11. As to (i), the interveners point to the Supreme Court’s decision in Morauta v Pala (2016) SC1529, in which Sir Mekere Morauta, who filed a s 18(1) application in his capacity as chairman of the board of directors of PNG Sustainable Development Program Ltd, was ruled to lack standing to challenge the constitutionality of the Mining (Ok Tedi Tenth Supplemental Agreement) Act 2013. One of the considerations the Court (Kandakasi J, Yagi J, Sawong J) took into account in determining that significant constitutional issues were not raised was the applicant’s failure to adhere to the manner and form requirements of the Supreme Court Rules. A s 18(1) application is to be filed in form 1, which contains a requirement that the applicant “requests the Court to declare that the proper interpretation of Section ... of (insert the Constitution and relevant section or name of a Constitutional Law and section) is”. The Court held:
By this prescription, an applicant in our view is required to specify the constitutional provision and in particular state the kind of declaration as to “the proper interpretation or application of” a specific constitutional provision that is being sought in the application.
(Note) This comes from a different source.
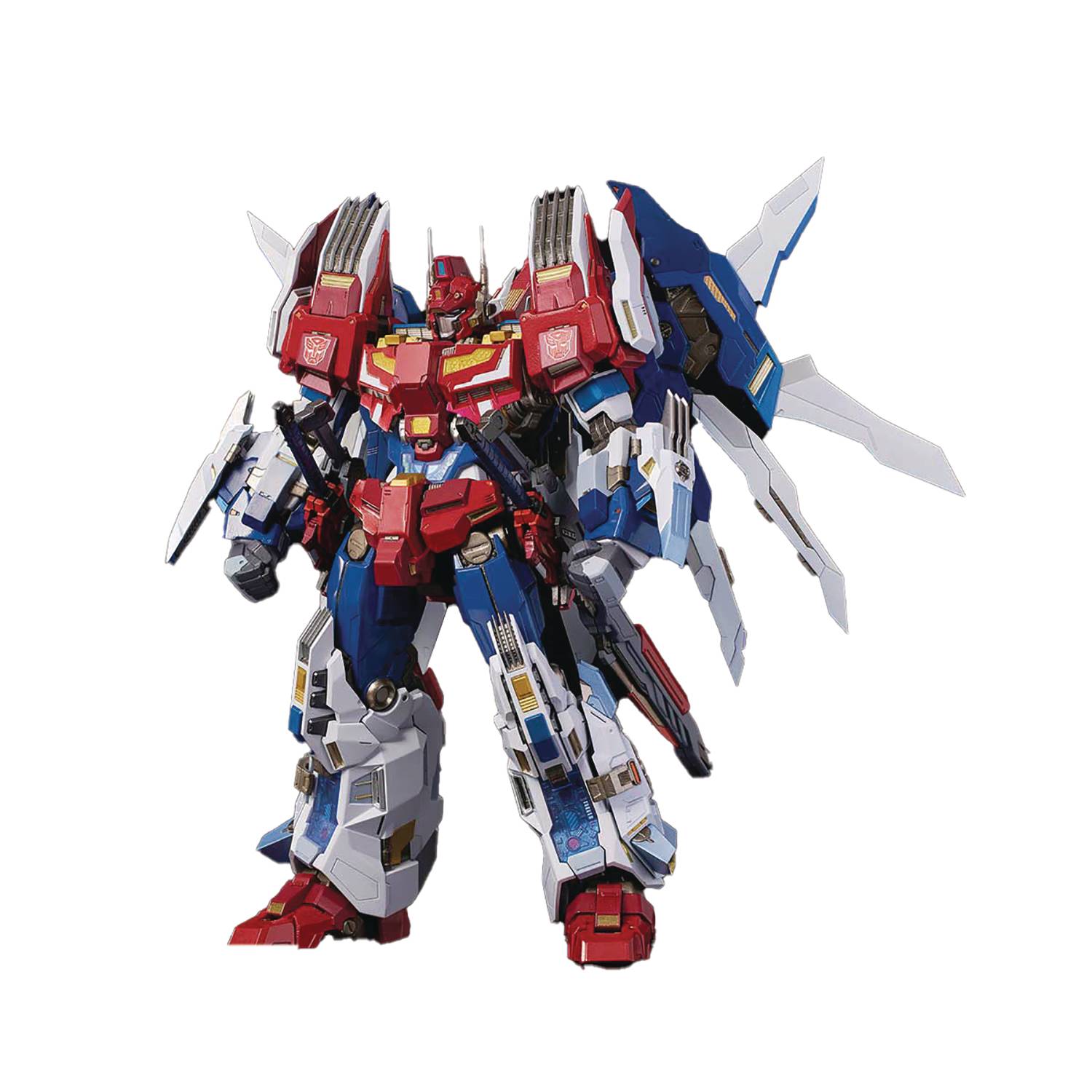 From Flame Toys. A member of Autobot Brainmaster, the Supreme Commander of the Autobots, Star Saber joins Flame Toys KURO KARA KURI series! As the greatest swordsman in the universe, he includes 2 small swords, a big sword and a shield as new weapon parts. Two interchangeable heads, Star Saber version and Mask off version, are available! The Star Saber head is equipped with and LED unit, and 6 LED units come packed in the Autobots 8 1/4" tall body that is super-poseable with die-cast for solidity and heaviness. Combine with the separately sold KURO KARA KURI Victory Leo to form KURO KARA KURI Victory Saber!

In other words, the Rules of the Court require an applicant under s 18(1) of the Constitution to not only state the constitutional provision that requires interpretation and or application but also and more importantly state the way in which it should be properly interpreted and or applied. If more than one constitutional provision requires proper interpretation and or application, each of them have to be clearly set out in the application itself first.
12. The interveners argue that paragraph 3 of the present application fails to meet those requirements as it simply lists the relevant provisions of the Constitution and pleads without explaining how each provision operates that the “proper interpretation or application” of those provisions is that amongst other thingsthe election of Mr Marape as Prime Minister is “unconstitutional, invalid and unlawful”.
13. As to (ii), the interveners argue that the applicant has failed to allege that any particular constitutional provision was breached in the decision-making of the Parliament, which led to Mr Marape’s appointment. They argue that the applicant is apparently alleging a breach of the Standing Orders of the Parliament was committed when Mr O’Neill unilaterally withdrew acceptance of his nomination and when the Speaker unilaterally sanctioned the withdrawal and allowed the election to proceed on 30 May 2019 with only Mr Marape and Sir Mekere as candidates. However, the Standing Orders are not Constitutional Laws, therefore it is argued that there are no constitutional issues involved.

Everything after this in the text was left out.